105 Christopher St., nr. Bleecker St.; 212-633-7833
The sushi bar is dead! Long live the sushi bar! A Chelsea corner’s recent transformation is more aesthetic than culinary: One venerable neighborhood landmark of a Japanese restaurant (Meriken) has been replaced by an open-fronted, minimalist-bordering-on-bare one (the month-old Momoya). Chef-partner Chie Shirahata has cooked at Nobu, Obeca Li, and Mi, and she diversifies her mostly traditional menu (and her Momoya bento box, pictured) with fusion touches in dishes like black-sesame salmon with balsamic sauce, and sardine tempura with wasabi vinaigrette. She even throws vegetarians a bone—or rather, a “tofu chop.”

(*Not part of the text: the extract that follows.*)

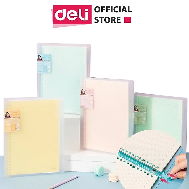 Sổ Tay Ghi Chép B5 Gáy Lò Xo 60 Trang Deli - Xanh Dương/Hồng/Vàng/Xanh Lá - QHB560

185 Seventh Ave., at 21st St.; 212-989-4466
Compared with remote Red Hook, where chef Alexandre Tchistov used to cook, Prospect Heights is the cradle of civilization. It’s also the home of his new restaurant, a breezy glass-walled corner spot serving a $20-to-$25 prix fixe “market menu” that changes daily. Tchistov describes his style as American home cooking, a catchall phrase for dishes as diverse (and occasionally winter-hearty) as snails with spaetzle and scallion coulis, chicken with corn and shiitakes in pink-peppercorn sauce, and cantaloupe soup. In the spirit of his former employer, 360, Tchistov tries to buy his meat and produce from small local purveyors and stocks his cellar with affordable French bottles. Another similarity: It’s cash-only.
605 Carlton Ave., at St. Marks Pl., Prospect Heights, Brooklyn; 718-622-1190
Cold One It may not go down as easy as a Belgian witbier, and it doesn’t have the hipster-doofus cachet of a can of Pabst, but nothing stays as cold for as long as an Iron City beer served in its new high-tech aluminum bottle—maybe not a great concern among those who quaff their beer in quick gulps, but good to know, let’s say, in case of brownout.
Available at Lodge, 318 Grand St., at Havemeyer St., Williamsburg, Brooklyn; 718-486-9400.